See Section 9.5 for information on the C off_t limitations, resolved in OpenVMS V7.3-1 and later and in ECO kits available for specific OpenVMS releases. The use of a longword for off_t restricts applications using native C I/O to file sizes of two gigabytes or less, or these applications must use native RMS or XQP calls for specific operations.

10.23 Status of Programming Tools on OpenVMS VAX?

DECthreads V7.3 and the HP C compiler (also known as Compaq C and DEC C) V6.4 are presently expected to be the last updates and the last releases of these development packages for use on OpenVMS VAX. The run-time support for both DECthreads (CMA$RTL) and for C (DECC$CRTL) will continue to be maintained, and will continue to be available on OpenVMS VAX. The VAX C V3.2 compiler is the final VAX C compiler release for OpenVMS VAX, and the VAX C Run-Time Library (VAXCRTL) will also continue to be available.
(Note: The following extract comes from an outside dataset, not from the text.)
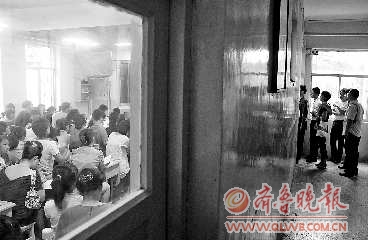 9月1日,实验小学新生入学第一课,教室外焦急等待的家长。

New development and new features and product enhancements continue for the OpenVMS Alpha and the OpenVMS IA-64 DECthreads and C compilers.

10.24 Choosing a Version Number for Application Code?

One of the common rules-of-thumb used for choosing a displayed version number string for a new version of a layered product or an application, its implications, and its expected effects on client applications and users, follows:

  • No functional and no application-visible changes, bugfixes only---the edit number is incremented. These tend to be very small, very isolated, or ECO-level changes. These can also be distributions for specific hardware configurations or platforms, as is the case with an OpenVMS Limited Hardware Release (LHR). Application rebuilds are not expected, and there is an assumption that general user-provided application-related regression testing will not be required.
  • Minimal functional and very few user-visible changes---the maintenance number is incremented. These tend to be very small or even ECO-level changes, though somewhat larger than an edit-level change. Application rebuilds are not expected, and there is an assumption that user-provided application-related regression testing will not be required.
  • Various small and upward-compatible functional changes---the minor version number is incremented. The changes are user-visible, and are intended to be user-visible. Application rebuilds are not expected. Some application programmers may choose to perform regression tests.
  • Large and/or potentially incompatible changes---the major version number is incremented. Some applications might need to be rebuilt. Various application programmers will choose to perform regression tests of their respective applications.

For additional version-numbering materials and for information on assigning module generation numbers, please see the OpenVMS (POLYCENTER) Software Product Installation Utility---variously refered to by acronyms including PCSI and SPIA---reference manual available within the OpenVMS documentation set.

Of course, all of this is obviously subject to interpretation, particularly around the distinction between large and small changes and such. The scale of the application is also a factor, as larger and more complex applications will tend toward smaller increments and will tend to see the maintenance number incremented, while new releases of smaller applications will tend to see the minor version incremented somewhat more frequently.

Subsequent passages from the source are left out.